Giulio Verne ha narrato situazioni ed eventi che si sono puntualmente verificati a distanza di anni, compresa la condotta di vita alienata di un immaginario uomo dell’anno 2000, racconto che ben pochi hanno letto in quanto fu uno dei pochi manoscritti che il suo storico editore Hetzel non volle pubblicare poiché ritenuto non in linea con le aspettative dei lettori. Il futuro doveva essere solo benessere e felicità. Arthur Clarke, un altro visionario che ha puntato gli occhi verso gli abissi siderali immaginando trame che hanno fatto da sfondo a capolavori come il film “Odissea nello Spazio”, ha anche lui immaginato il verosimile sviluppo dei viaggi interstellari sbagliando, alla riprova dei fatti, la contestualizzazione temporale, benché avesse, rispetto a Verne, molti più elementi certi sui quali basare le proprie previsioni. Ma a differenza delle visioni immaginarie sul futuro dei nostri vicini antenati, non sarà più la “gaia scienza”, quel meraviglioso, impetuoso, inarrestabile angelo dello sviluppo scientifico e tecnologico che farà da promotore verso il progresso e il benessere dei popoli. Sarà, a mio vedere, il contrario. O meglio toccherà alla tecnologia “d’antan” somministrare la carica di energia per prefigurare scenari futuri. E ciò in ragione che lo sviluppo tecnologico dei tempi nostri non sembra portare a nulla di buono in determinati ambiti di applicazione. Uno di questi è senza dubbio il settore dei trasporti.

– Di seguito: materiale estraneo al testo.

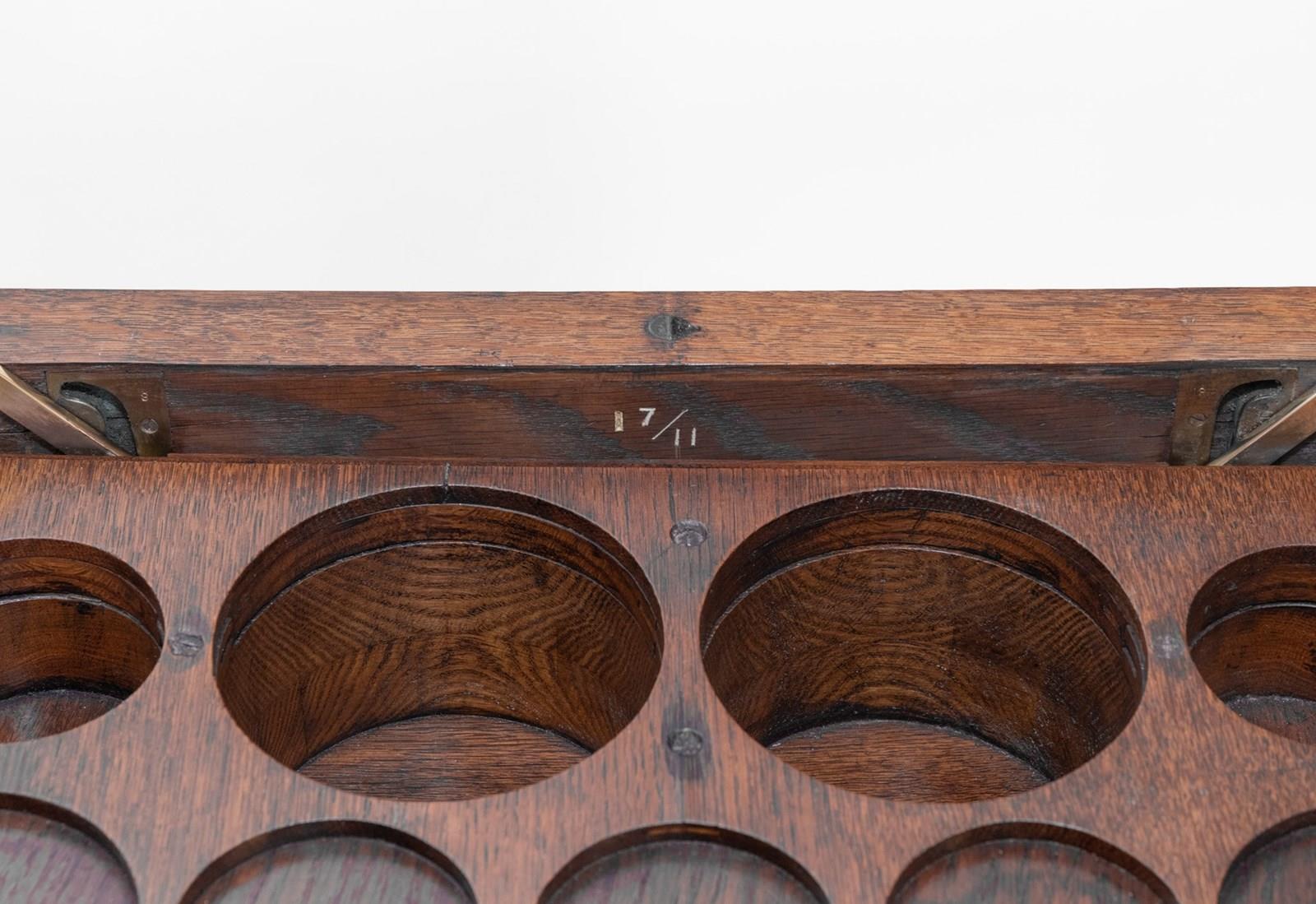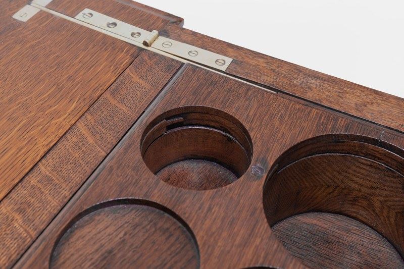 When the lid is opened, the glassware inside are elevated to table-top height. The solid brass hinged mechanism is in very good working order.

Lo sviluppo della motorizzazione di massa è stata fortemente alimentata dalla crescita di nuovi ritrovati tecnologici applicati alle automobili. Da alcuni anni la mancanza di applicazione di limiti alla proliferazione del tasso di auto pro-capite ha comportato situazioni di congestione particolarmente evidenti nel nostro Paese. Inoltre l’abiura che le case produttrici hanno universalmente professato nei confronti di motori a zero emissioni sta causando danni che potrebbero essere irreversibili nel giro di pochi anni. Come è possibile infatti che nessun produttore di auto abbia intrapreso strade diverse per sviluppare modelli spinti da motori elettici quando questa forma di alimentazione era già sufficientemente evoluta agli inizi del secolo scorso? Oggi ci si sta arrivando, ma non è forse un passo indietro?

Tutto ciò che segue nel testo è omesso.